On the news of the impending shut down, Ross said, “My initial reaction was heartbreak and sadness. This station has so much history and means so much to the town. The fact is, the people of Ely owned this station and there will be a big void once we leave the airwaves.”
He also described a sense of relief.
“I’ve been watching in the rear-view mirror for the last three years that something like this was going to happen. I’ll say right now, I’m looking forward to June 1 and having a day off, turning my phone off, going into the woods and not worrying about anything,” he said. “We have outdated and obsolete equipment, For the past four years we’ve held the station together with technological duct tape.”
He was quick to add, “This community wants its radio station. People here love it. People count on it. It is a huge resource and service for this community.”
He said he believes there is a future for WELY in Ely. He described his personal-best case scenario.
“There has been interest expressed by the city of Ely, by the mayor,” he said. “They have an interest and they also have an infrastructure that can support a radio station, like high-speed fiber broadband.”
He noted that several non-profit groups have expressed an interest in being involved in keeping WELY alive.
“There is talk of collaboration going on,” Ross said. “We have all these different strong non-profit groups that can produce some incredible results. They can open up possibilities of fundraising and grant funding.”
Ross said he can see a partnership between the municipal organization, the city of Ely and some non-profit groups.
“My position on that right now is that I want to support the right people that have an interest in seeing WELY survive,” he said. “Would I come back and work at WELY? Absolutely, 1,000 percent. I would love to see it survive into the future and I am really optimistic that it will.”
He urged Ely radio station advocates to contact Bois Forte leadership and the city of the Ely’s mayor and city council members to urge support for continuation of WELY.
“The decision to close the radio station created a sense of urgency and panic by those who don’t want this to go way,” Ross said.

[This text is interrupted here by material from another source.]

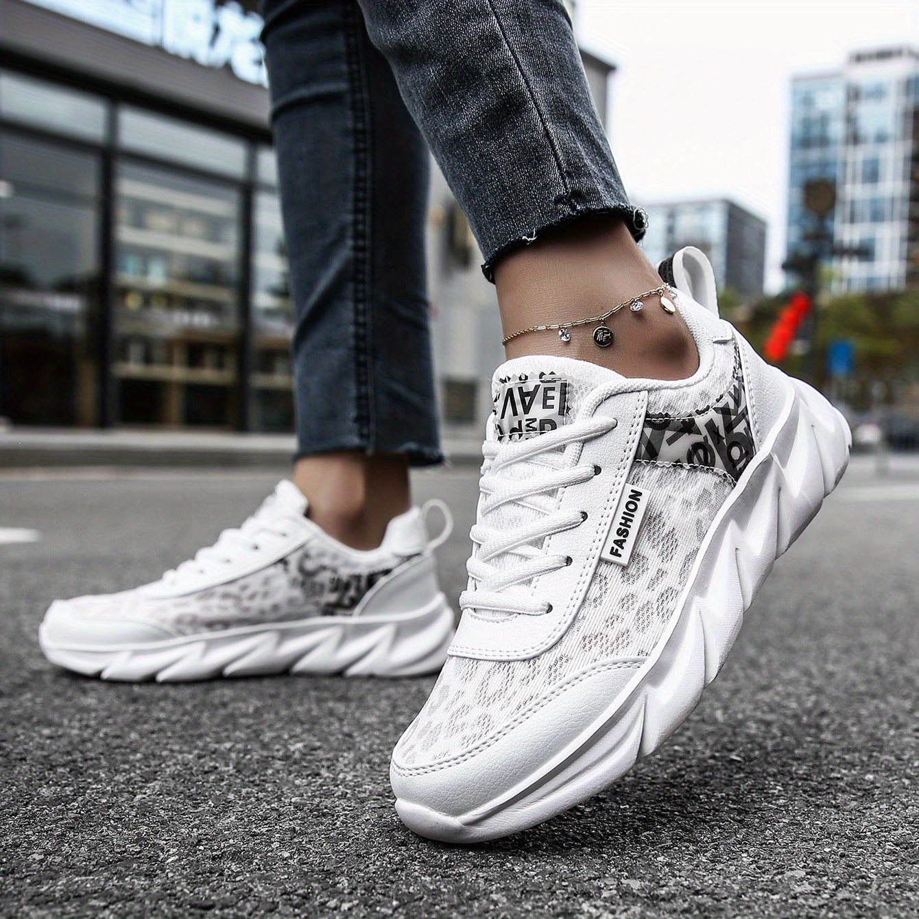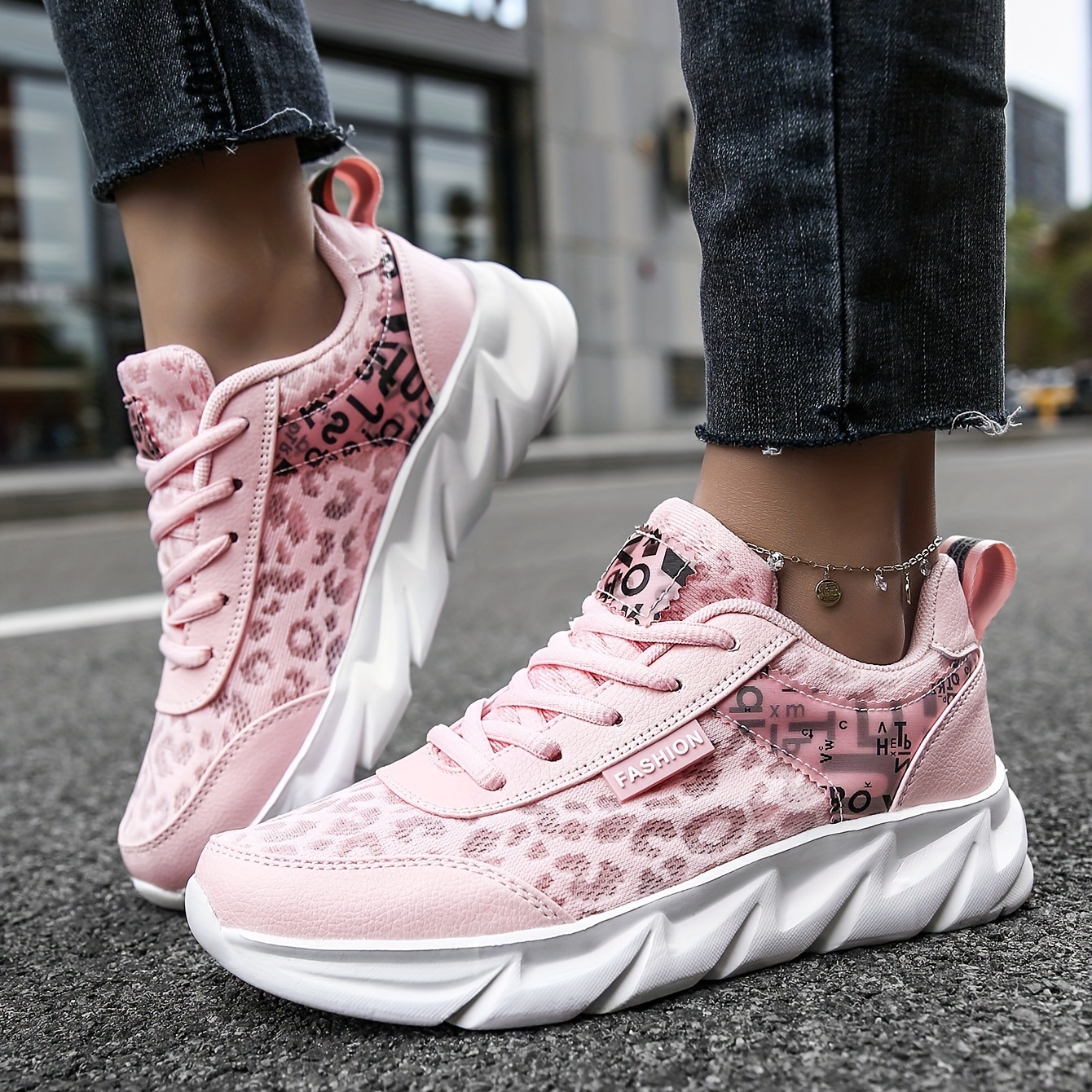 Women's Mesh Letter Printed Sports Shoes, Fashion & Breathable Lace Up Low Top Running Shoes, Shock Absorption Walking Sneakers
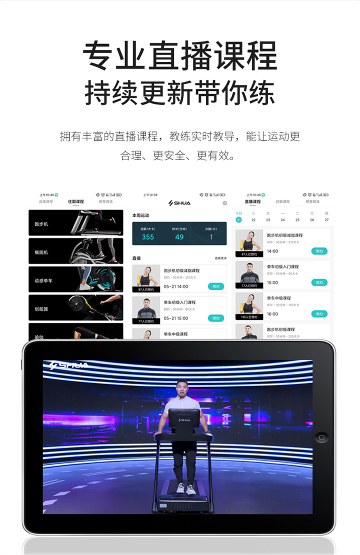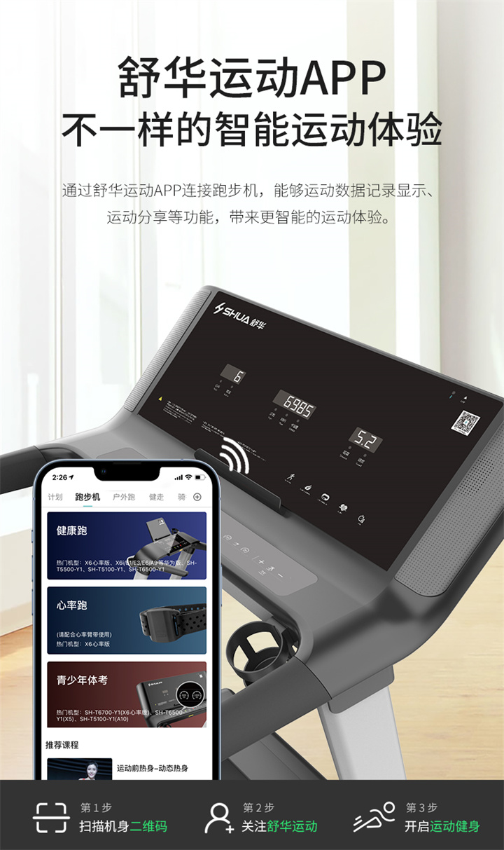 舒華X5 Pro豪華智能跑步機(jī)采用全新舒華跑步機(jī)系統(tǒng),搭載21.5寸大屏,內(nèi)置九種運(yùn)動(dòng)程序,包括場景跑、在線約跑和一鍵體育考試等內(nèi)容,亦有教練在線科學(xué)指導(dǎo)和比賽互動(dòng),可在線升級,歷經(jīng)耐久性測試,讓您使用更安全,雙跑臺設(shè)計(jì),全減震系統(tǒng),核心動(dòng)力采用F級耐高溫馬達(dá),5.0HP峰值馬力,提供源源動(dòng)力,讓您享受每一次暢跑體驗(yàn)。

The clock starts ticking on June 1. The station’s Federal Communications Commission (FCC) broadcast license was just renewed last year and is valid until 2028; however, when the station goes off the air next month, the owners can apply for a six-month renewal, and if the station remains off the air after six months, the station’s owners can apply for another six-month renewal, according to Ross
“But after one year without being on the air, they will lose the license,” he said.